Roy Vernon Caton (January 28, 1927 – July 29, 2010) was an American trumpet player and session musician.

==Biography==
Caton was born to Vernon and Eleanor Reed Caton in Frackville, Pennsylvania. At the age of seven, he received a cornet from a family friend that began a lifelong fascination with the instrument.

After graduating from high school, Caton served in the Army until 1946. Following his discharge from the service, Caton attended the Schillinger School of Music, where he took his degree in 1951. A tour with Woody Herman's Third Herd Orchestra put him on the road with seasoned musicians, before he settled into work as a session player in Hollywood recording studios.

Caton recorded with many popular artists of the 1960s and 1970s, and was among the musicians who came to be known as The Wrecking Crew.
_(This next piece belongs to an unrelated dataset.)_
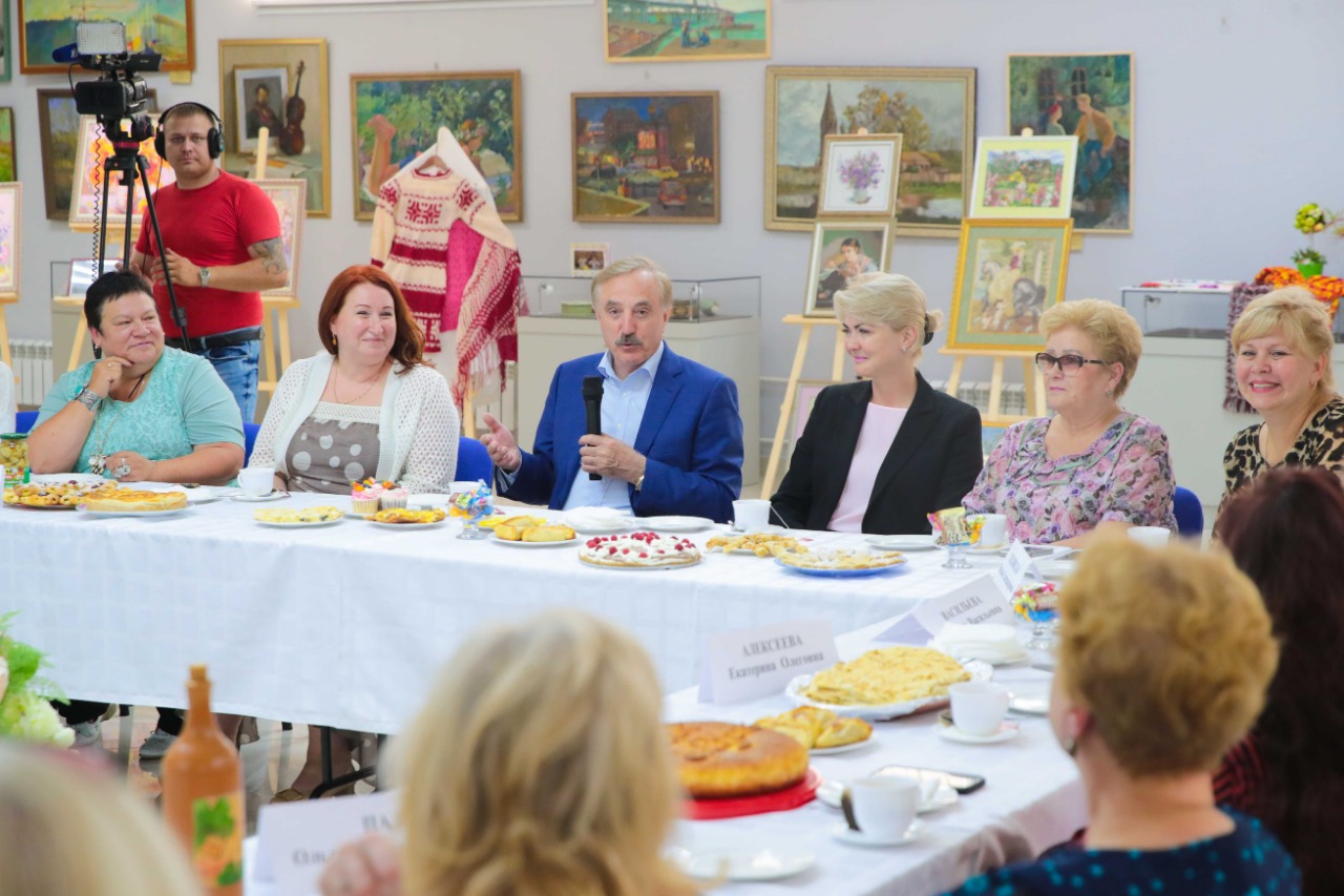 Во время чаепития конкурсантки угостили главу муниципалитета своими кулинарными изысками, которые они приготовили специально к мероприятию. После чего продемонстрировали творческие работы: картины, вязание, вышивку и др.

He died in Avila Beach, California, at the age of 83.

==Selected discography==
===As sideman===
- Nancy (Nancy Sinatra)
- The Birds, The Bees & The Monkees (The Monkees)
- Feelin' Groovy (Harpers Bizarre)
- The Notorious Byrd Brothers (The Byrds)
- Forever Changes (Love)
- Revolution! (Paul Revere & the Raiders)
- Back to Back (The Righteous Brothers)
- Pet Sounds (The Beach Boys)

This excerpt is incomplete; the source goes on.